Individuato dai Carabinieri Forestali di Lanciano l'uomo che si faceva riprendere mentre torturava ed uccideva con efferatezza un cinghiale. Le indagini sono partite dalle immagini cruente di due video fatti girare su whatsapp, che mostravano un uomo mentre colpiva ripetutamente con un bidente l'animale, imprigionato ad un laccio realizzato con filo di ferro, arrecandogli gravissime sofferenze e finendolo con un coltello passatogli dal soggetto che effettuava la ripresa. Attraverso un'attenta analisi dei dettagli, i Carabinieri Forestali sono riusciti a risalire nel giro di breve tempo all'esatto punto nel quale il fatto è avvenuto, nelle campagne del Comune di Tornareccio, fino a giungere, con l'ausilio della Stazione Carabinieri di Atessa, all'identificazione del responsabile, un uomo di 64 anni residente nella zona.

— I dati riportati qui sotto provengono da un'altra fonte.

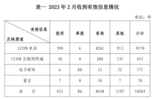 2023年2月,國(guó)家能源局12398能源監(jiān)管熱線(以下簡(jiǎn)稱12398熱線)共收到有效信息10264件(包含投訴、舉報(bào)、咨詢和其他訴求類別),環(huán)比減少27.07%,同比增加22.69%。(2023年2月收到有效信息情況見表一)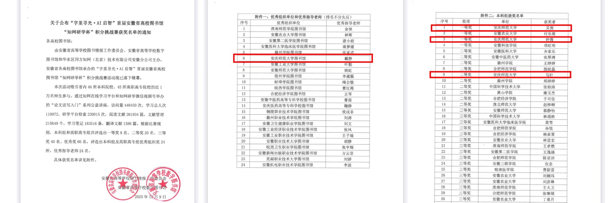 近日,“字里寻光·AI启智”首届安徽省高校图书馆“知网研学杯”积分挑战赛圆满落幕。本次大赛中,法学院吴俊、钟霞同学获一等奖,教育科学学院马轩同学获二等奖,在此次比赛中beat365官网参赛人数和获奖成绩在全省各院校中均居前列,图书馆获得“优秀组织单位”奖。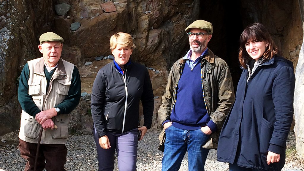 Clare Balding walks the final part of the Whithorn Way with a local group of walking enthusiasts. It's an an an ancient pilgrim route from Glasgow down along the west coast ending at the holy site of St Ninian's Cave on the southern tip of the peninsula looking towards the Isle of Man. Pilgrims have been making the journey for centuries until they were banned from doing so after the Reformation during the 16th century, but the tradition has been revived and with the restoration of the walking route, more people are expected to do the 146 mile route through some of Scotland's most beautiful but often overlooked landscapes. Pictured left to right: Ian Gemmell, a retired local vet from Whithorn, Clare Balding, Finn McCreath local farmer and trustee of the Wigtown Book Festival and Jessica Fox, former NASA storyteller. Producer: Maggie Ayre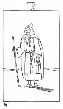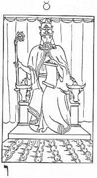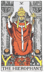 The Hierophant represents our inner being, the teacher, and intuition. Intuition is a collection of all of the facts from the conscious mind, sent to the subconscious which in turn looks at the information and acts upon it sending it back to the conscious. True intuition is based upon reason and a collection of the facts. The crown at the top of the head has 5 points representing the 5 senses. Likewise it has 3 levels representing the 3 levels of mind, conscious, subconscious and super conscious. The grey background is symbolic of wisdom, for grey is a mixture of black and white and is the balance of the 2 forces. The keys at the feet are representing the key to super conscious, for in the union of the conscious and subconscious, enlightenment is achieved. This card fall under the vibration of the number 5.

"Lo stesso - fa sapere il colonnello Nevio Savini, comandante provinciale dei Carabinieri Forestali - sottoposto questa mattina a perquisizione domiciliare e personale su disposizione del Procuratore della Repubblica di Lanciano, ha confessato tutto. Sono stati sottoposti a sequestro il bidente ed il coltello utilizzati per torturare e uccidere l'animale, il laccio ed i vestiti indossati dall'uomo nella circostanza. Il responsabile dovrà rispondere di maltrattamento ed uccisione di animali, oltre che di esercizio della caccia con mezzi non consentiti. Proseguono le indagini per risalire alla fonte del video".